TSMC seeks space in Taiwan to build next-generation chip fabrication plant

Posted:
in iPhone edited December 2016
Apple chip manufacturing partner TSMC is in the early stages of planning a $15.7 billion microchip fabrication plant, in an effort to glean more business from from Apple and other companies needing advanced chip designs.




The company is reportedly seeking between 50 and 80 hectares (124 to 198 acres) of land in Taiwan to build the plant, according to the Nikkei Asian Review. A launch plan for the plant estimates chip production will start at the location in 2022.

TSMC CEO Mark Liu announced that the company will start producing 7nm chips in the first quarter of 2018. The new plant is expected to churn out chips based on a 5nm process currently being developed, and possible 3nm and 2nm processes in the future.

Chips are already being fabricated using a 10nm process, with an early 2017 projected delivery. The iPhone 7 utilizes chips built with a 16nm process.

"Premium tech players with deep pockets such as Apple, Qualcomm, Nvidia?of the U.S., Huawei of China and MediaTek of Taiwan can afford such advanced chip technology," said IEK analyst Jerry Peng. "There are fewer and fewer of them."

TSMC and Apple

TSMC has supplied Apple with A-series chips since the A8's introduction in Sept. 2014. The company is said to be the sole supplier of the A10 Fusion chip in the new iPhone 7 family, and the "A11" for Apple's 2017 lineup.

In August, TSMC was rumored to be working on the "A11" chip for Apple. Additionally, around the same time, TSMC said that trials of 7nm chip fabrication will begin in early 2017, with wide use of the technology coming by 2018.

Comments

  • Reply 1 of 8
    MacProMacPro Posts: 18,306member
    Makes sense they obviously watch the news or is that read tweets? ;)
  • Reply 2 of 8
    blastdoorblastdoor Posts: 1,931member
    Interesting combination of factoids here:

    1. New plant starts production in 2022 making 5 nm chips
    2. 10 nm chips coming in 2017
    3. 7nm chips coming in 2018

    Does this mean that it will be four years between 7nm chips and 5nm chips? 
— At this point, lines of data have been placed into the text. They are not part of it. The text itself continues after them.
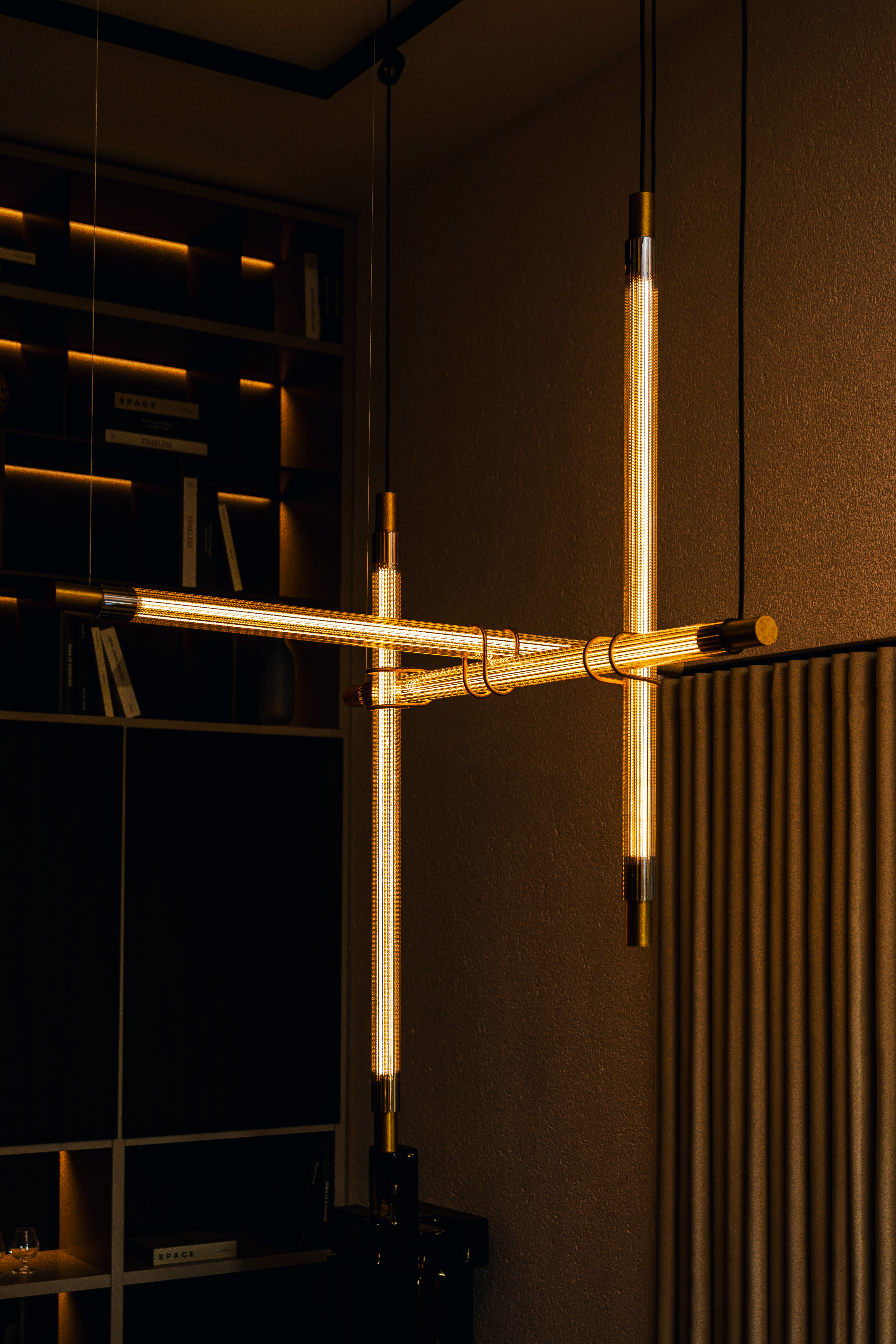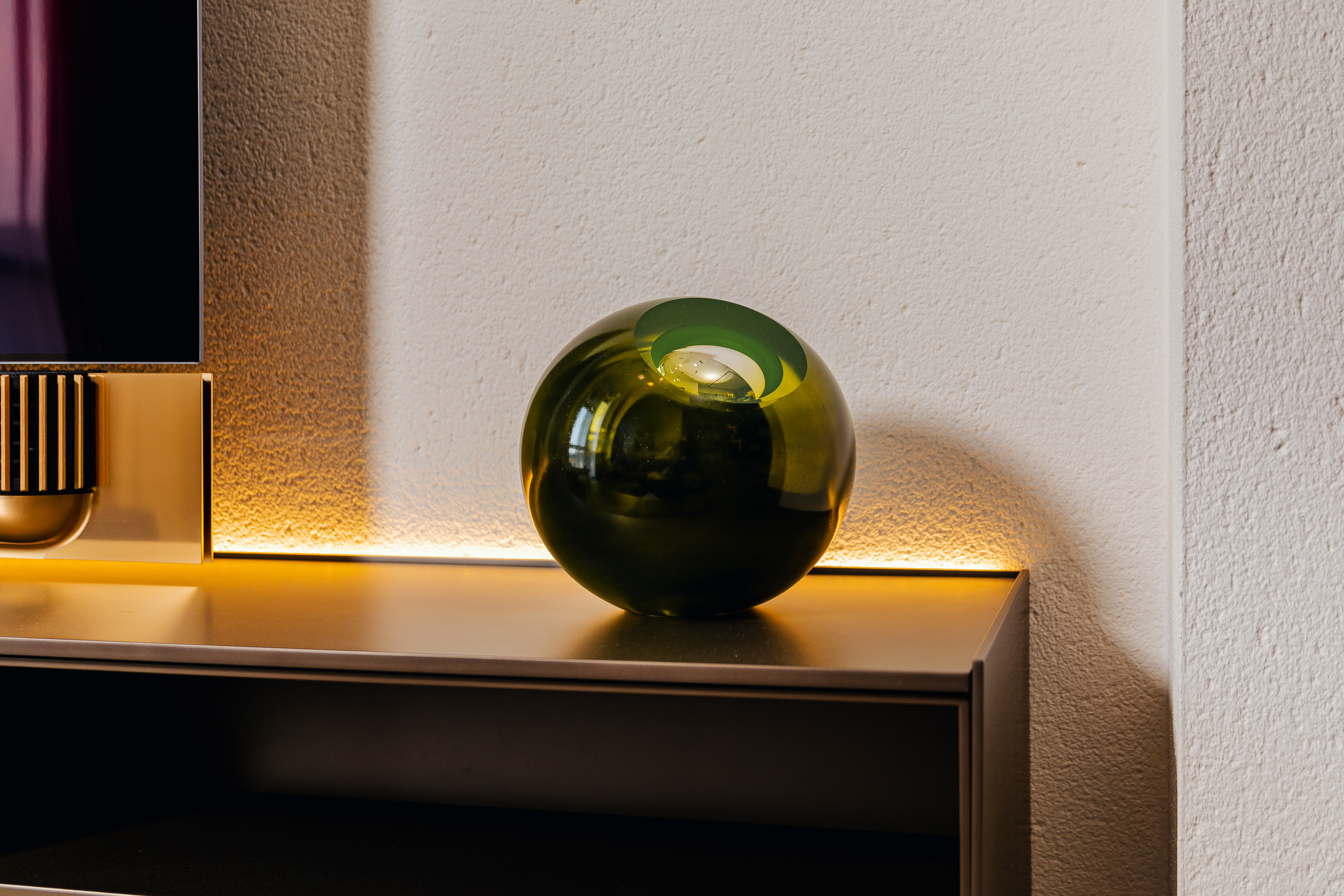 Prostor dále doplňuje dílo First Rotation – unikátní rotační skleněná skulptura z ručně foukaného českého křišťálu v kombinaci s uranovým sklem a vystříbřeným interiérem. Dílo pracuje se světlem, pohybem a optickou proměnlivostí, čímž vnáší do interiéru jemnou dynamiku a další vizuální dimenzi.
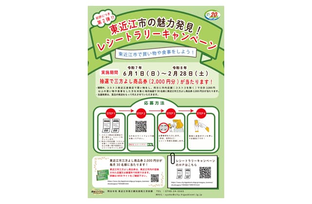 このキャンペーンは、6月から来年2月28日までの期間、毎月30人に東近江市三方よし商品券2千円分が当たるというもの。コストコ東近江倉庫店で買い物したレシートと、同日に東近江市内の店舗で2千円以上(合算可)の買い物や飲食したレシートで応募することができる。
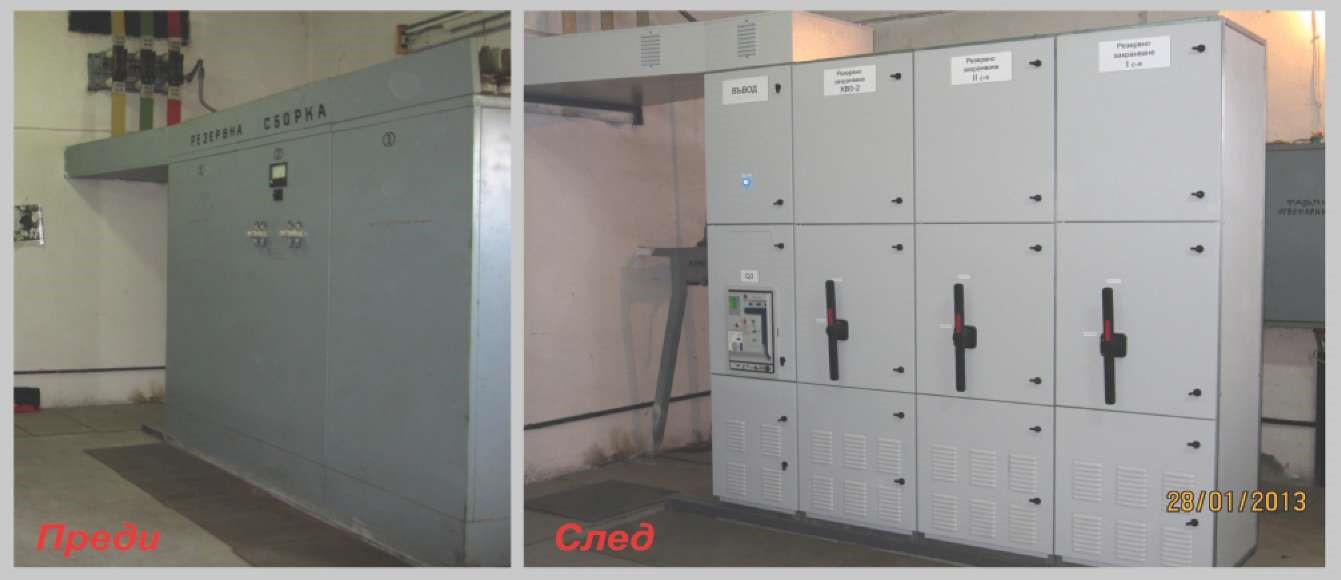 • Дейности: Проектиране в пълен обем, демонтиране на старите уредби и изработка, доставка и монтаж на нови типово тествани табла, изпитания.
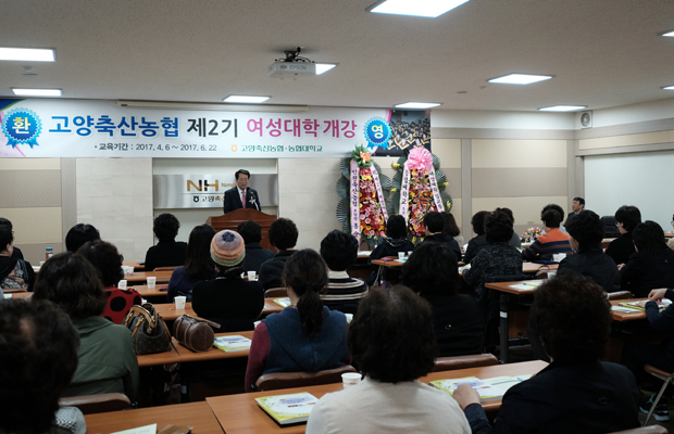 유완식 고양축협 조합장은 개강식에서 “고양축협은 여성 사회교육을 통해 여성의 잠재력을 향상시키고 건강한 지역사회를 이끌어 나갈 지역 여성지도자교육을 활발하게 전개하고 지원하겠다”고 말했다. 고양축협 여성 대학은 4월 6일 첫 강의인 EM(유용한 미생물) 교육을 시작으로 총 11강의 전문적인 프로그램으로 교육을 진행할 예정이다.
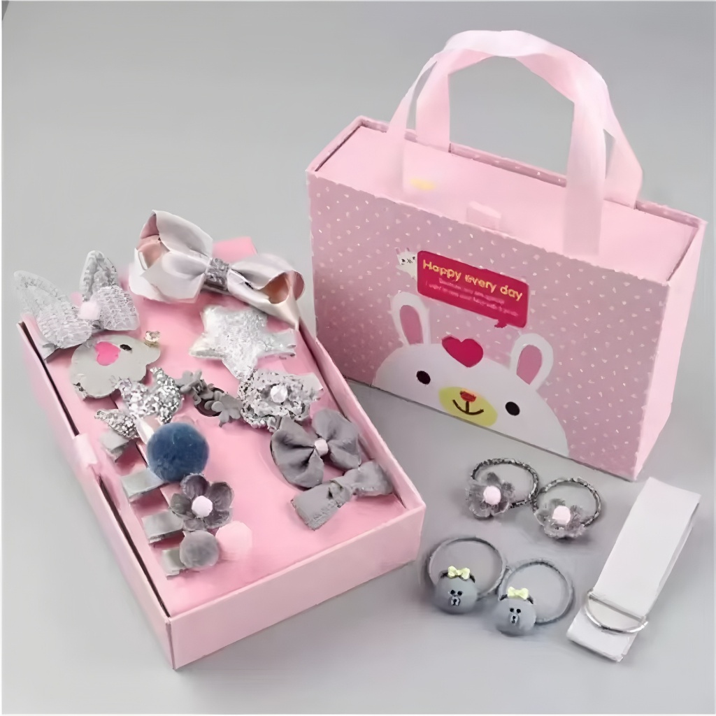 Ikat Rambut Anak18PCS Set Gift Box Jepit Rambut Wanita - Kado Ulang Tahun - Bisa &
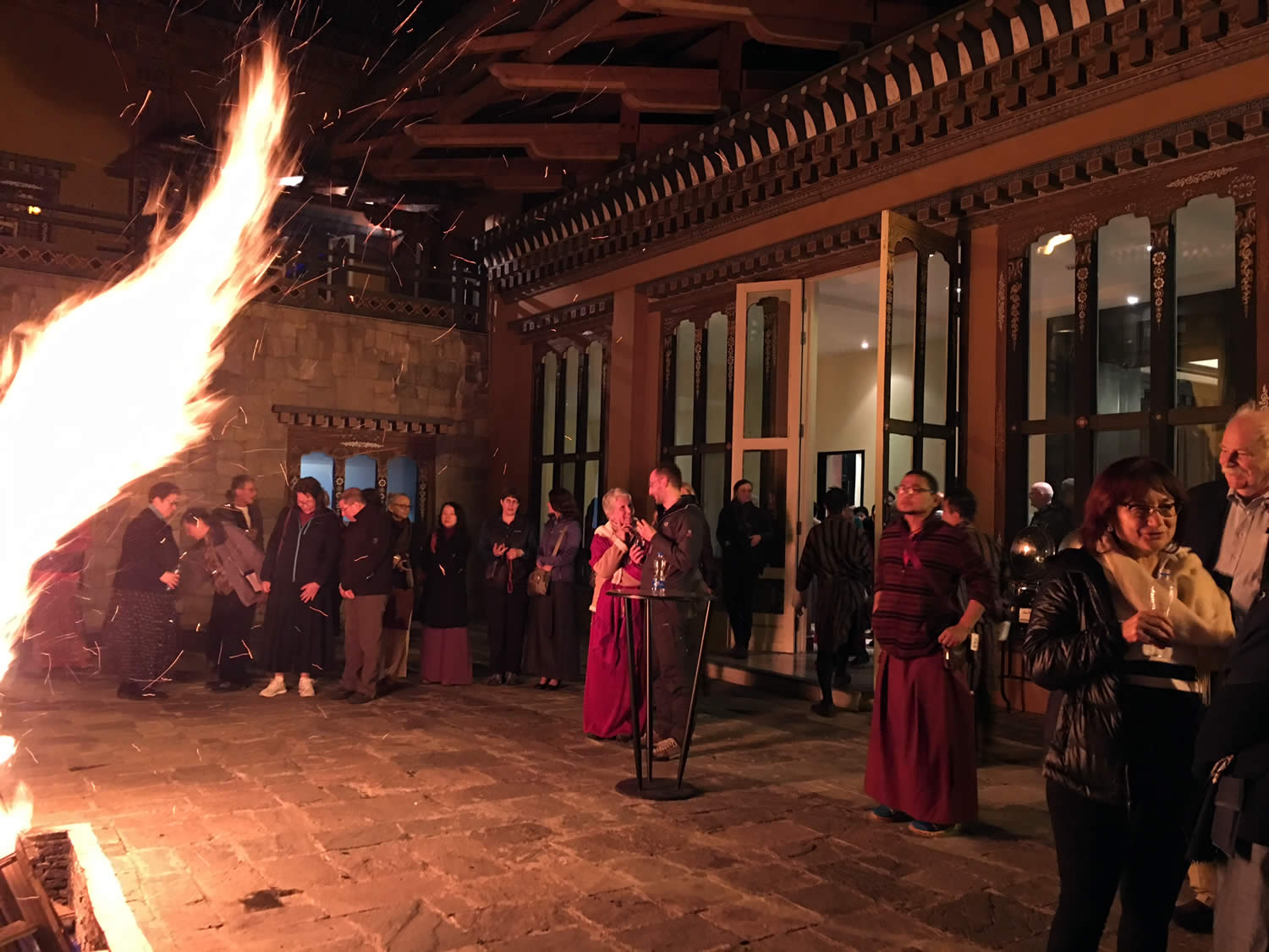 Early the following morning, the group flew from New Delhi, India to Paro, Bhutan. After a spectacular sun-rise flight along the Himalayan mountain range, the pilot negotiated the challenging landing at Paro Airport with great precision and received applause from his passengers. Once immigration was completed, a tea and rice ceremony was offered to Rinpoche, the Mindrolling family and the entire group. Following this warm welcome everyone climbed into waiting buses and met the drivers and guides who would be with them for the entire pilgrimage. The journey from Paro to Thimphu took several hours and group members peered eagerly from the windows to see this new and magical land.
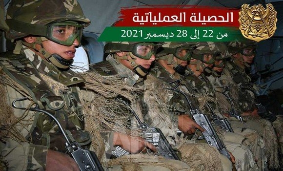 وأوضح البيان أنه “في سياق الجهود المتواصلة المبذولة في مكافحة الإرهاب ومحاربة الجريمة المنظمة بكل أشكالها, نفذت وحدات ومفارز للجيش الوطني الشعبي, خلال الفترة الممتدة من 22 إلى 28 ديسمبر 2021, عدة عمليات أسفرت عن نتائج نوعية تعكس مدى الاحترافية العالية واليقظة المستمرة والاستعداد الدائم لقواتنا المسلحة في كامل التراب الوطني”.
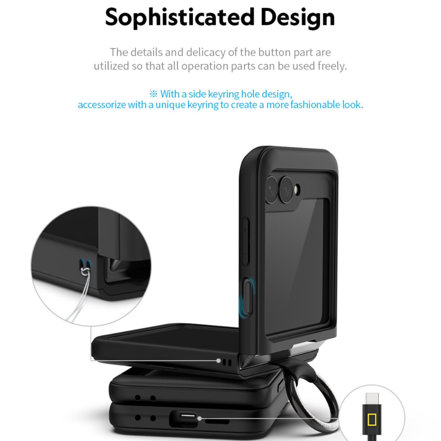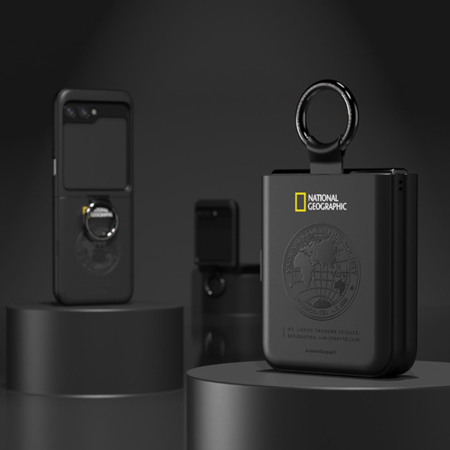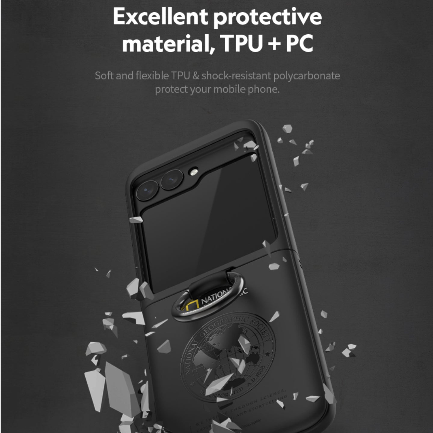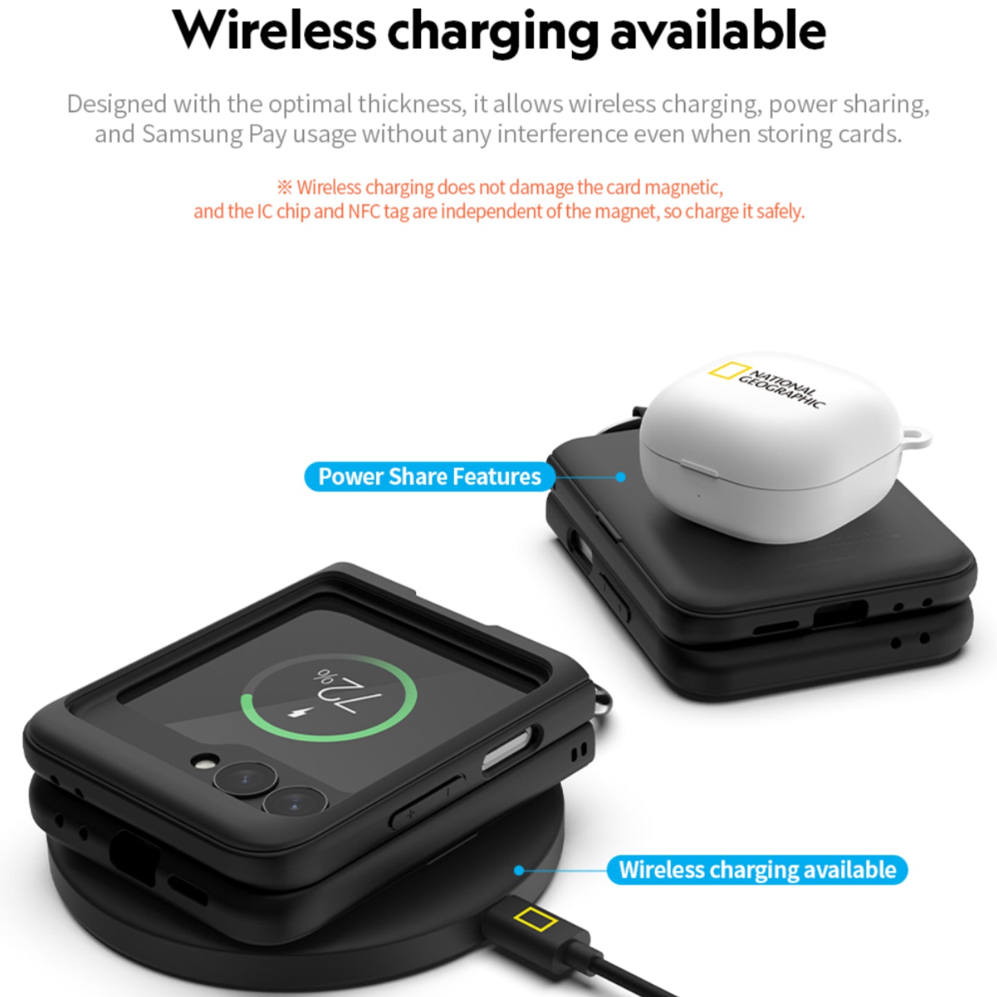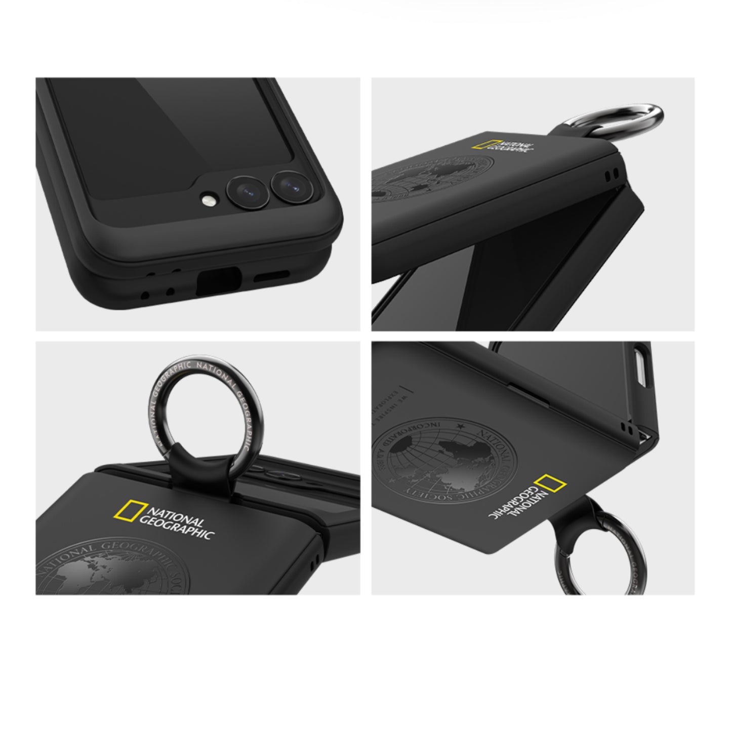 Nat Geo Galaxy Z Flip 6 Back Cover Case | Magnetic Card Door Bumper Case V2 - Global Seal (Black)
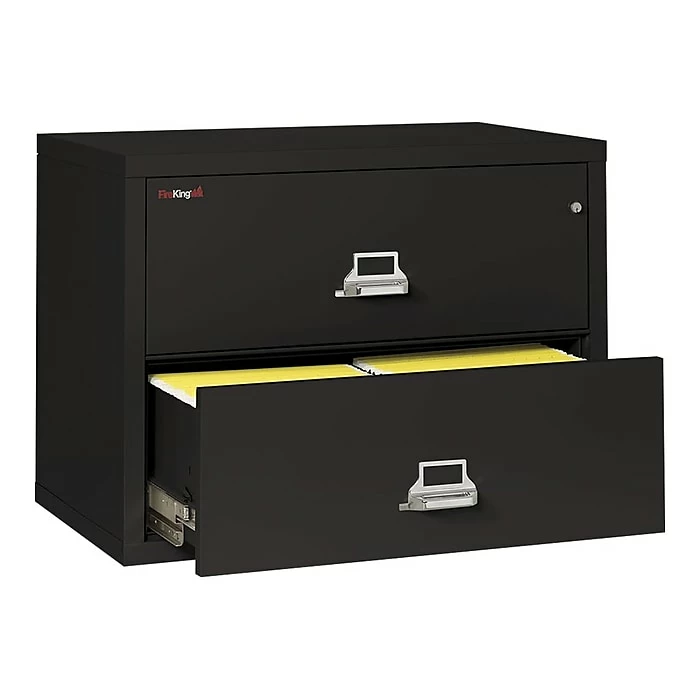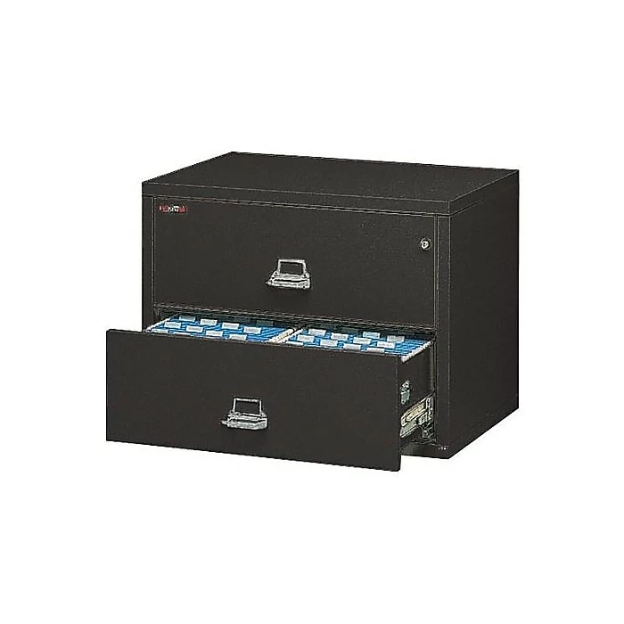 - Two-drawer lateral filing cabinet holds letter- or legal-size documents
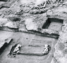 女男岩遺跡 中央埋葬と、家形土器出土の溝中石列など
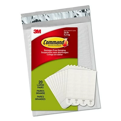 INCLUDES- 20 Pairs of Large, White Command Picture Hanging Strips (40 Strips total); 4 Pairs hold 16 lbs. Maximum frame size of 24 inches x 36 inches

    Granted, they could start 5nm chips earlier in some other fab, not this one. But if their brand new $15 billion fab is going to start with 5nm chips in 2022, that suggests that 5nm will by no means be old at that point. 

    Seems to me this is really saying that after 2018 we should not expect a new node for a while. 

    Not that there's anything "wrong" with that. Everybody is running into increasingly challenging physical constraints. It just means that Apple (and everyone else) will need to figure out other ways to push forward that are less dependent on decreasing nm. 
  • Reply 3 of 8
    They should open a factory in Nevada or Arizona. Those tariffs are going to destroy these companies from ever being competitive in the US.
  • Reply 4 of 8
    blastdoorblastdoor Posts: 1,931member
    They should open a factory in Nevada or Arizona. Those tariffs are going to destroy these companies from ever being competitive in the US.
    I doubt those tariffs will ever happen. 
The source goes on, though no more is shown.